Una delle misure più discusse della Legge di bilancio – ora quasi interamente silenziata dal dibattito sulla legge elettorale – è l’Anticipo finanziario a garanzia pensionistica (Ape), introdotto in via sperimentale per il periodo 1 maggio 2017-31 dicembre 2018. Può accedervi chi ha compiuto 63 anni di età, matura il diritto alla pensione di vecchiaia entro 3 anni e 7 mesi, ha almeno 20 anni di contributi versati e ha una pensione – al netto dell’ammortamento della rata Ape – pari ad almeno 1,4 volte il trattamento minimo Inps (circa 700 euro, se si considerano gli importi 2016). Si tratta sostanzialmente di un prestito che viene acceso con un finanziatore (una banca, o probabilmente anche una società finanziaria), restituito con rate mensili in 20 anni a partire dalla data di decorrenza della pensione ed è assistito da una polizza assicurativa obbligatoria in caso di premorienza.
Molte misure attuative saranno prese con uno specifico decreto del Presidente del consiglio dei Ministri, che getterà luce anche sull’accordo-quadro tra ministero dell’Economia e del Lavoro, da una parte, e Abi-Ania, cioè le associazioni rappresentative di banche e assicurazioni, dall’altra, per definire tassi di interesse e tassi di premio assicurativi. Fino alla sua emanazione sarà abbastanza difficoltoso stabilire con certezza i costi del finanziamento, salvo prendere a riferimento i tassi del credito al consumo – espressamente richiamato dalla norma – che, per i crediti personali, si aggirano in media intorno al 10%.
Viene istituito un “Fondo di garanzia per l’accesso all’Ape” presso il ministero dell’Economia e delle Finanze con una dotazione iniziale di 70 milioni di euro per il 2017, attinti – forse un po’ subdolamente – dal fondo di garanzia per l’accesso ai finanziamenti per le imprese con numero di dipendenti inferiore a cinquanta, costituito presso l’Inps. Il finanziamento viene escluso – come per certi aspetti ovvio – dal concorso alla formazione del reddito; tuttavia ciò può non essere indifferente per l’erario. L’uscita anticipata di lavoratori, infatti, in assenza di sostituzioni, comporterà una perdita di gettito fiscale e contributivo. A questo occorre aggiungere l’introduzione di un credito di imposta annuo del 50% dell’importo pari a un ventesimo degli interessi e dei premi assicurativi complessivamente pattuiti nei relativi contratti, per il quale, tra l’altro, non sono previsti limiti di spesa annui, configurando quindi un vero e proprio diritto soggettivo, che potenzialmente potrà incrementare la spesa.

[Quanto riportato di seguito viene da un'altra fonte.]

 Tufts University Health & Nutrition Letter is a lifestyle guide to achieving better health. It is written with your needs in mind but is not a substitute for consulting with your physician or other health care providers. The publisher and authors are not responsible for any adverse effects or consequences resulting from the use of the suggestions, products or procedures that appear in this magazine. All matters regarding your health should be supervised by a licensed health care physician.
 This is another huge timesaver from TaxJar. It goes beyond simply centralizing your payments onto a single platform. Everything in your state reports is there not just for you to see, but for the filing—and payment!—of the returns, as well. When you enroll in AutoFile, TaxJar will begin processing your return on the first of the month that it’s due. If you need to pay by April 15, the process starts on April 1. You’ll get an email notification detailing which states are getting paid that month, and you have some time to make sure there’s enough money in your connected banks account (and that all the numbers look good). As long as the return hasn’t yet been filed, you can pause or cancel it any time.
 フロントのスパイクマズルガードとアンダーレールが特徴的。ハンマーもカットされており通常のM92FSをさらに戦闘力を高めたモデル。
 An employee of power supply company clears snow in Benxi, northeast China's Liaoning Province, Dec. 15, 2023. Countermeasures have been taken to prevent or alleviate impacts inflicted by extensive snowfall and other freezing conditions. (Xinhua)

Di tenore decisamente più assistenziale è l’Ape sociale, che consiste in un’indennità erogata a persone di almeno 63 anni particolarmente disagiate, pari all’importo della rata mensile della pensione all’accesso alla prestazione e comunque in misura non superiore a 1.500 euro. Si tratta in sostanza di un anticipo (Ape) finanziato direttamente dallo Stato, al verificarsi di certe condizioni, quali stati di disoccupazione o riduzione della capacità lavorativa del 74% con anzianità contributiva di almeno 30 anni, presenza di coniuge o parenti di primo grado conviventi affetti da grave handicap.
Diversamente dalla sorella maggiore, per l’Ape sociale è stimato il potenziale di accesso (circa 34 mila persone nel 2017, 43 mila nel 2018, poi a decrescere fino ad azzerarsi nel 2023) ed è fissato il limite di spesa (300 milioni di euro nel 2017, 609 nel 2018, 647 nel 2019, poi a decrescere fino a 8 milioni nel 2023), prevedendo quale clausola di salvaguardia il posticipo della decorrenza del trattamento pensionistico per rispettare il limite di spesa.

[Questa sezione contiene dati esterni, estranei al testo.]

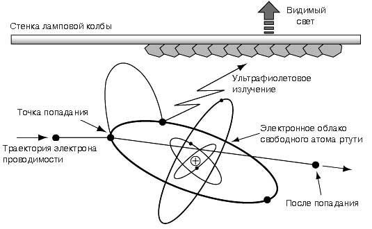 Люминесцентная лампа - это стеклянная трубка, покрытая изнутри слоем люминофора и заполненная разреженными парами ртути и инертным газом (например, аргоном). В торцах трубки расположены электроды. Когда на них воздействует высокое электрическое напряжение, в лампе возникает газовый разряд. Проходящий через пары ртути ток вызывает ультрафиолетовое излучение. Ультрафиолет заставляет светиться люминофор.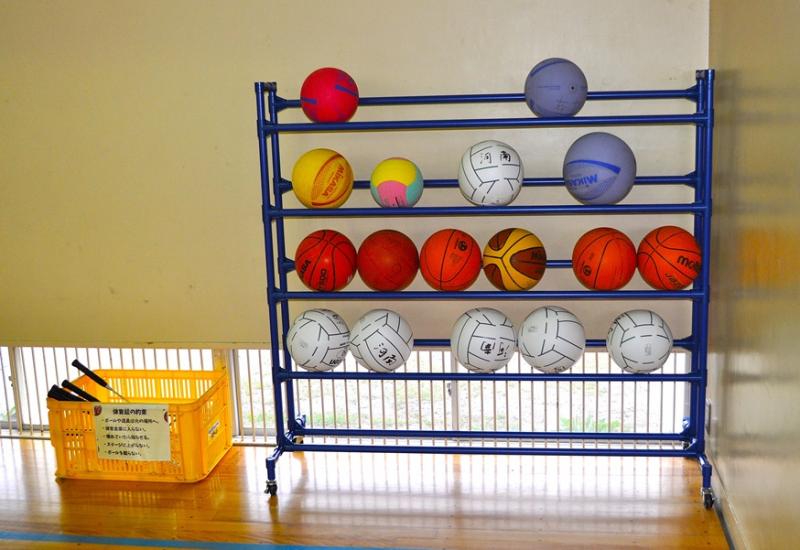 休み時間も楽しくすごすために、みんなが気持ちよく使えるようにボールラックを購入!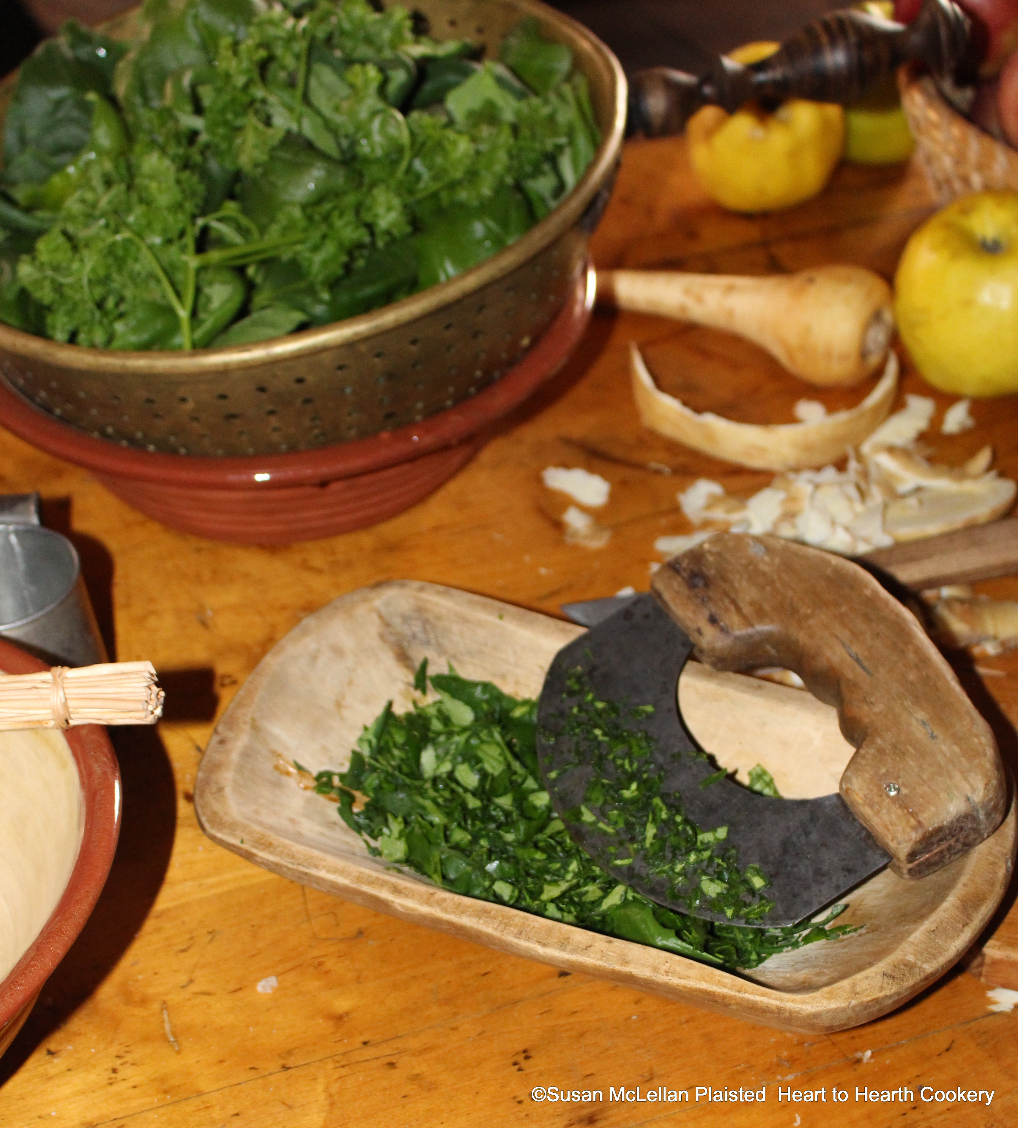 After the long pieces of parsnips have been added to the cut mutton for the Dutch receipt (recipe), To stew Mutton, the translated receipt states and furthermore all sorts of greens coarsely chopped. I used the late fall greens still in my garden, spinach and parsley.

Naturalmente, vi sono rischi di carattere sociale, che le osservazioni alla relazione tecnica al provvedimento non mancano di rilevare, rappresentati soprattutto dalla pressione politica per estendere il beneficio, ricreando una nuova serie di salvaguardie esodati, ovvero da possibili ricorsi alla Corte Costituzionale di chi rimane a secco, magari patrocinati da sindacati sempre più attenti alle esigenze dei pensionati e sempre meno a quelle dei lavoratori, con l’effetto di moltiplicare la spesa, come nel caso del blocco delle rivalutazioni deciso dalla riforma Monti-Fornero, che rischiò di dissanguare le casse dello Stato.
A conti fatti, in sostanza, si continua ad aumentare la spesa pensionistica, nonostante il sospetto di manovre correttive richieste dall’Unione europea e previsioni di crescita al momento non floride.